German painter, draughtsman and sculptor. He entered the
Kunstakademie in Düsseldorf in 1963, spending three semesters studying stage
set design before becoming a student of Joseph Beuys. After producing a series
of pictures in 1966 using babies as his prime motif, he adopted a word
suggestive of baby talk, ‘Lidl', for performances and political demonstrations
in Düsseldorf and other cities from 1968 to 1970. These activities, for which
he enlisted the support of other artists, continued after he began teaching art
in 1968 at a secondary school in Düsseldorf; he remained a teacher there until
1980.
Immendorff's renewed application to painting coincided with
his first meeting with A. R. Penck in East Berlin
in 1976. They wrote a brief manifesto on working collaboratively and met again
in 1977, when they decided to organize joint artistic activities and
exhibitions.
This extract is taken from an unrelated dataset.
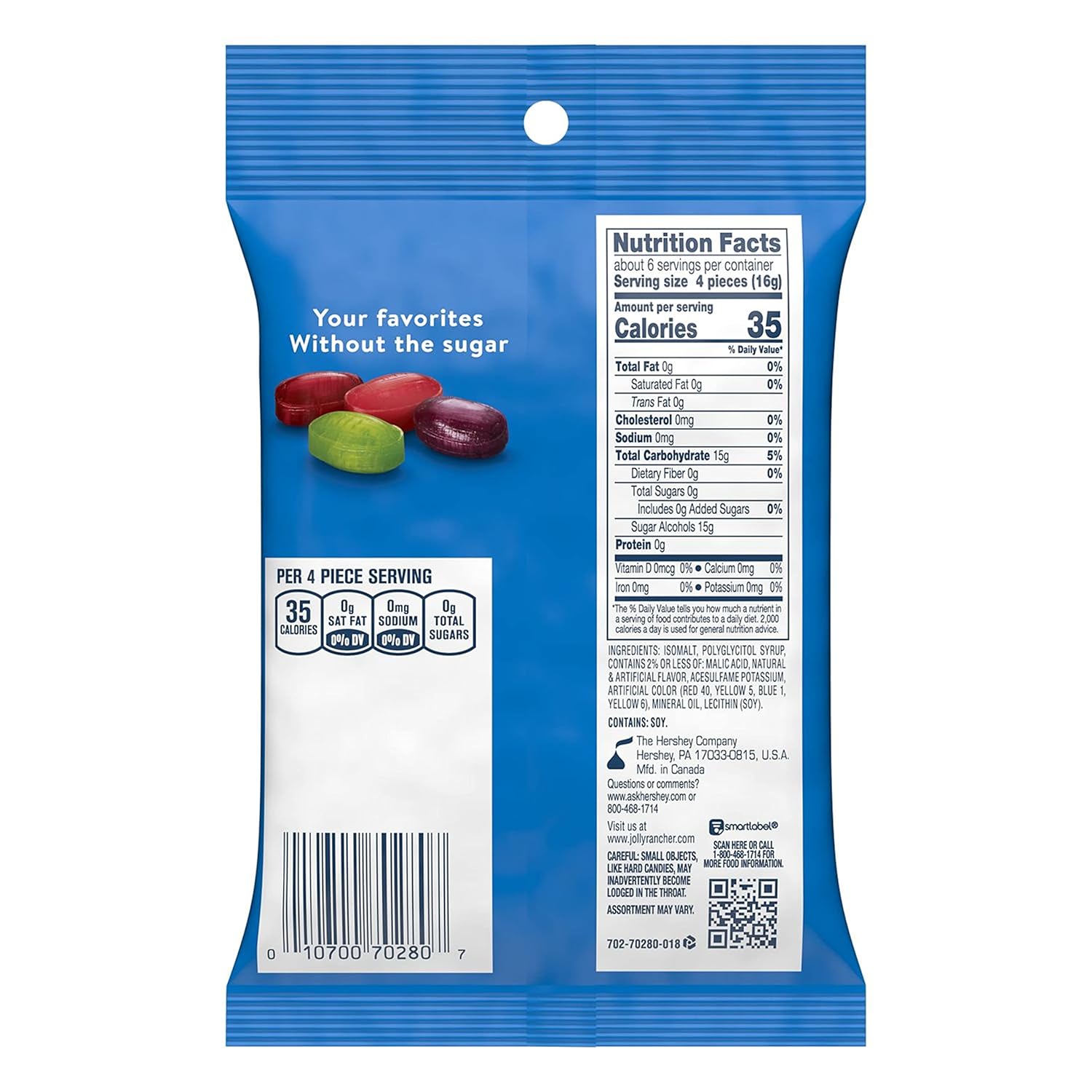 A mix of four fruity favorites for the whole family in just one bag of hard candy? You wouldn't have thought it possible if you didn't know JOLLY RANCHER candy. This bag of sugar-free, individually wrapped fruit-flavored hard candy will keep each delicious piece fresh until it's time for a new bag. Featuring raspberry, apple, grape and watermelon flavors, JOLLY RANCHER Zero Sugar hard candy offers a combination of the undisputed classics you know and love with a sugar- and aspartame-free twist. Keep a bag with you on the go to share with friends, co-workers and family members throughout the day — but don't forget to save some for yourself during all that sharing! These fruit candies make the perfect candy bowl display all year thanks to vibrant colors and attractive JOLLY RANCHER wrappers. They're also great sugar-free treats for holiday stockings, Easter baskets, Valentine's Day party favors and Halloween trick-or-treat bags. If you want a small candy with a big taste to keep your taste buds busy during movie nights, lunch breaks and snack breaks, JOLLY RANCHER Zero Sugar hard candy is the treat for you.

It was at this time that Immendorff began his Café Deutschland
series, e.g. Café Deutschland (1977–8; Aachen,
Neue Gal.; see Germany,
fig. 27), using the image of a bar interior as a metaphor for the clash of
ideologies between East and West. Having previously explored his political
involvement and social commitment through a didactic iconography in a form
suggestive of political posters, he began in his new paintings to represent
figures in powerfully staged symbolic compositions. The symbolic iconography
and condensed corporeality of his pictorial language also found form in painted
sculptures carved in wood (e.g. Saviour, h. 700 mm, 1983; see 1985 exh. cat.,
p. 165) or cast in bronze, as in Worker (h. 385 mm, 1976; see 1985 exh. cat.,
p. 160). After working as a visiting lecturer at the Kunsthochschule in Hamburg (1982–3) and the Werkkunstschule in Cologne (1984–5), in 1989 Immendorff was appointed
professor at the Städelschule in Frankfurt.